1. In this question, you use the early TCP equations to compute timeouts:

   RTT=RTT*0.9 + (NEW_RTT_SAMPLES)*0.1,
   Timeout = 2*RTT

   • (15pt) Starting from RTT = 100ms, calculate the Timeout value after processing 3 RTT samples: 120ms, 50ms, and 400ms.
   • (5pt) Notice that there probably is a developing congestion situation as implied in the 3rd sample. Your Timeout result will be used as the timeout interval for the next leaving packet. If the round-trip time of that packet is again 400ms, will it suffer retransmission ?

2. In this question, you use the refined equations to compute timeouts:

   DIFF=SAMPLE-RTT
   RTT = RTT+ DIFF/8
   DEV = DEV + (|DIFF| - DEV)/4
   Timeout = RTT + DEV * 4

   • (15pt) Starting from RTT = 100ms and DEV=50, calculate the Timeout value after processing 3 RTT samples: 120ms, 50ms, and 400ms.
   • (5pt) Notice that there probably is a developing congestion situation as implied in the 3rd sample. Your Timeout result will be used as the timeout interval for the next leaving packet. If the round-trip time of that packet is again 400ms, will it suffer retransmission ?
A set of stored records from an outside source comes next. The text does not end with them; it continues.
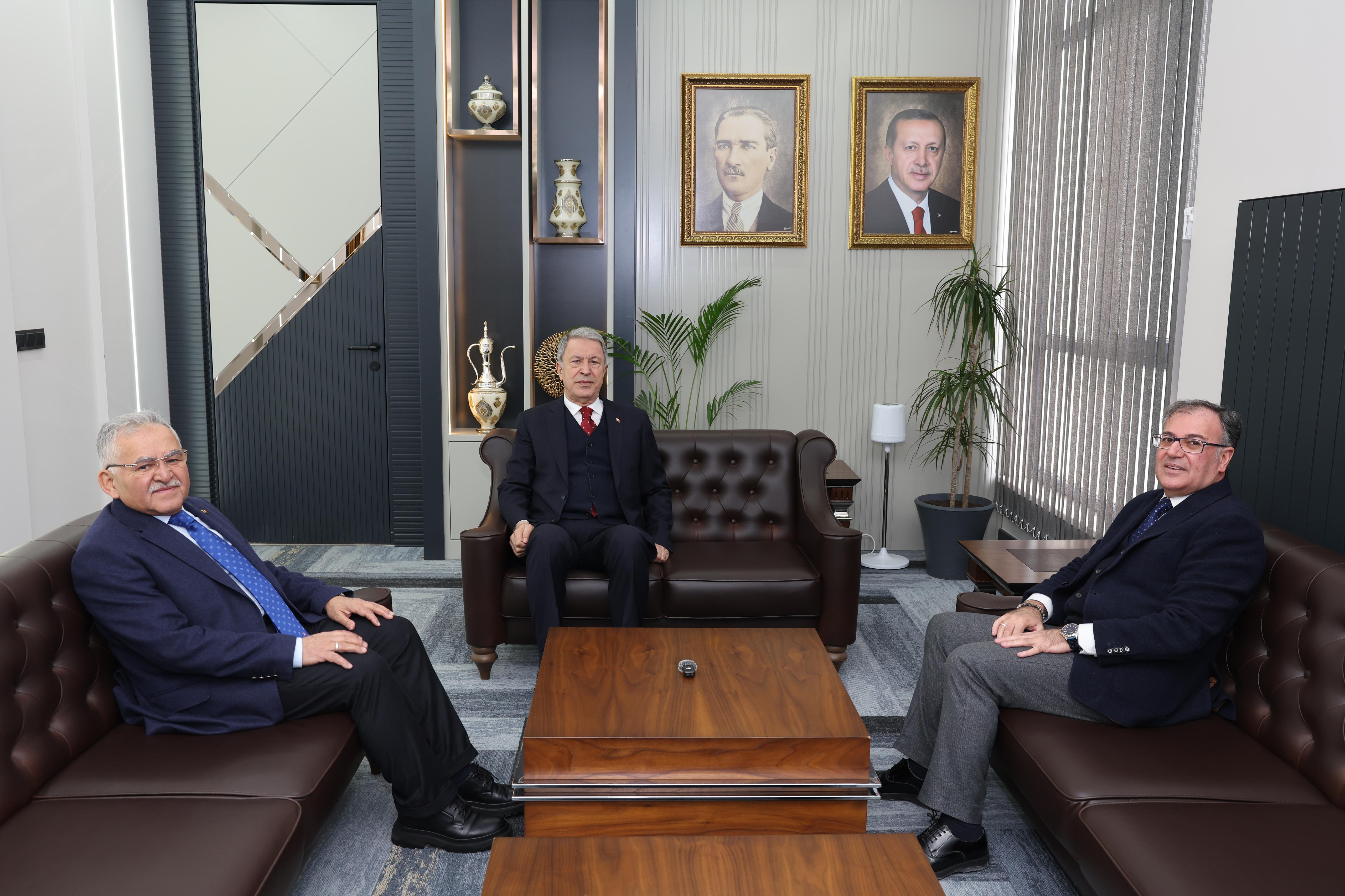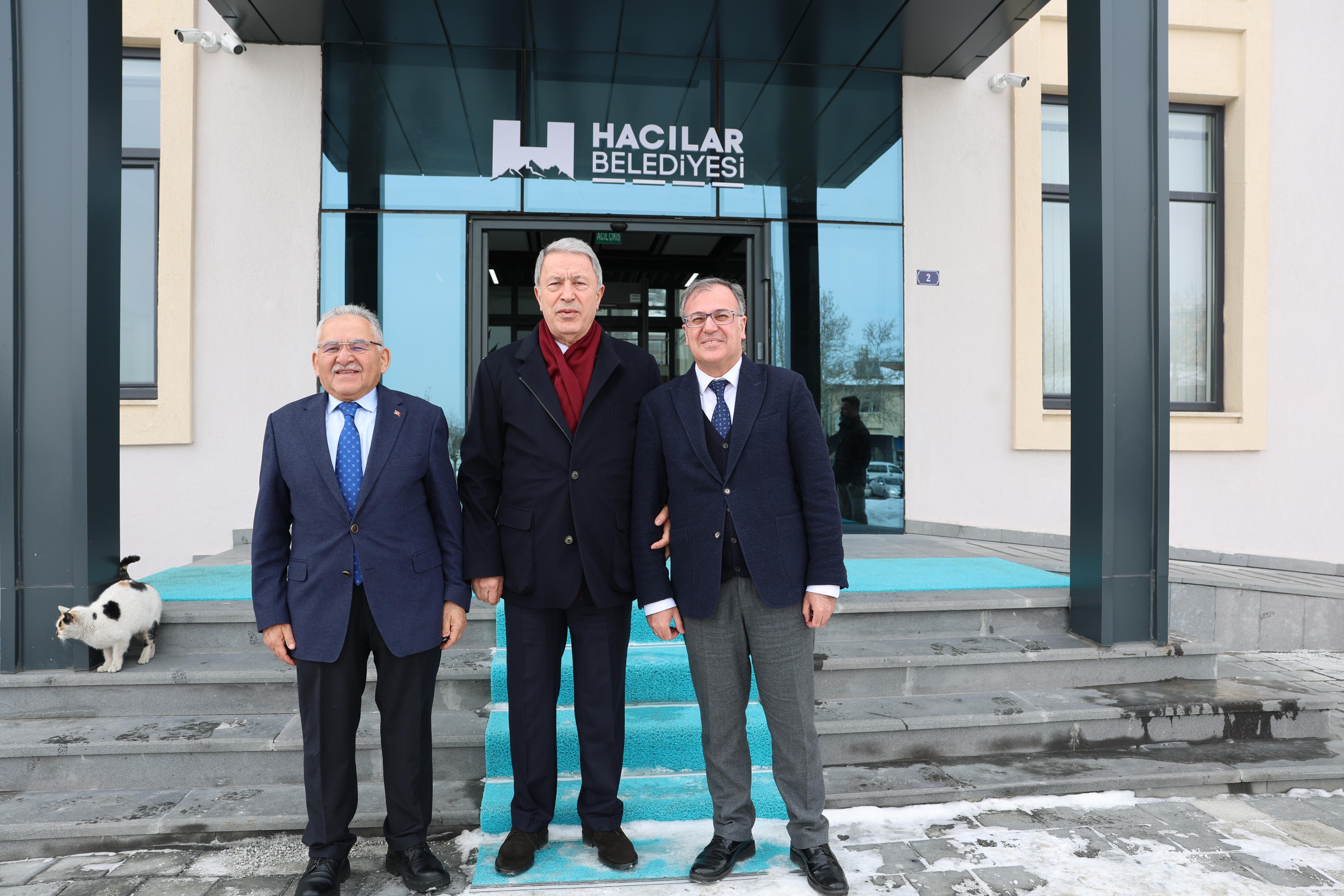 TBMM Millî Savunma Komisyonu Başkanı ve AK Parti Kayseri Milletvekili Hulusi Akar, Kayseri Büyükşehir Belediye Başkanı Memduh Büyükkılıç ile birlikte Hacılar Belediye Başkanı Bilal Özdoğan’ı makamında ziyaret etti. Ziyaret kapsamında, ilçede devam eden projeler değerlendirildi ve yeni yatırımlar üzerine istişarelerde bulunuldu.
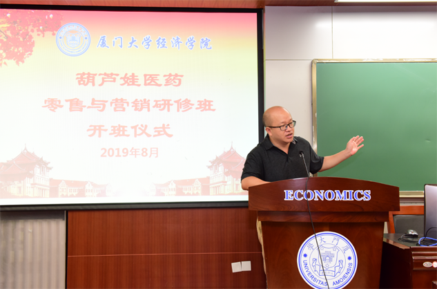在开班仪式上,廖景峰主任首先代表厦门大学经济学院热烈欢迎Cmp冠军医药零售与营销研修班的学员到厦大学习,并就厦门大学及经济学院的相关情况进行了介绍。他说,Cmp冠军学员走进厦大就是厦大的校友,希望未来的日子能够关心、支持母校的发展,多提宝贵意见,同时他也祝大家在厦大学习期间学有所成、学有所获。
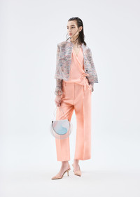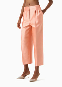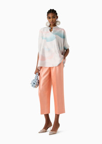 Wide, draped, ankle-length silk shantung trousers. The style, with an elasticated waistband and two side pockets, features a front dart and minimalist line. In marine-inspired hues, they lend themselves to numerous looks, teamed with the collection’s jackets and shirts. Product Code: 4SHPP133T04UG1U47W Details Composition 100% Mulberry silk Elasticated waistband with loops at the sides and back Concealed zip-and-hook closure Two side pockets on the hips Back welt pocket Cuff width: 26 cm Made in Italy Fitting The model is 178 cm tall and is wearing size 38/S
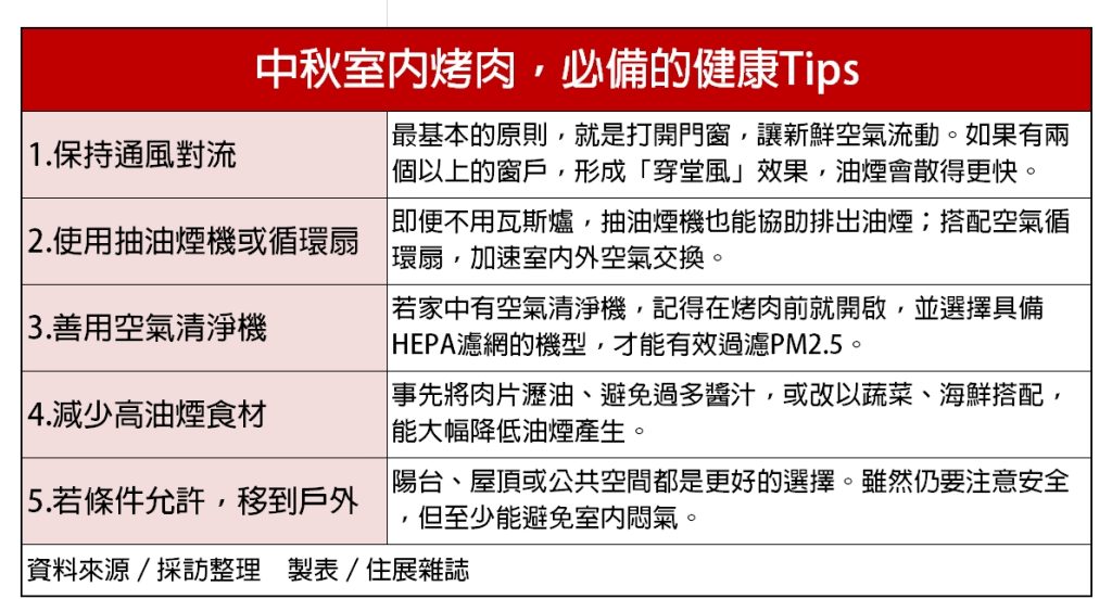 「其實,改善的方法並不複雜。無論是適度開啟窗戶、製造對流風,或是在餐桌旁加上一台空氣循環扇,都能在一定程度上稀釋油煙。」高愉勛補充,若家裡有空氣清淨機,提早啟動並保持運轉,也能讓室內空氣品質維持在相對安全的水準。

3. (10pt) Assume that a TCP receiver acknowledges every segment immediately and that it has received successfully everything up to byte 999 regarding a particular connection. Show the acknowledgments produced in response to the following segments of the connection, arriving in the order:

   Seg(1500,100), Seg(1000,300), Seg(1600,200), Seg(1800,200), Seg(1300,200),

   where Seg(x,y) denotes a segment with sequence number x and with y bytes of data. The SYN and FIN bits are OFF with all above segments. In your answer, use the notation Ack(x) to represent an acknowledgment with sequence number x.

4. (8pt) The TCP fast retransmission mechanism uses 3 duplicates of acknowledgments with sequence number x (that is, four Ack(x) in a row) as a indication of the loss of Segment(x). Explain the rational of this mechanism.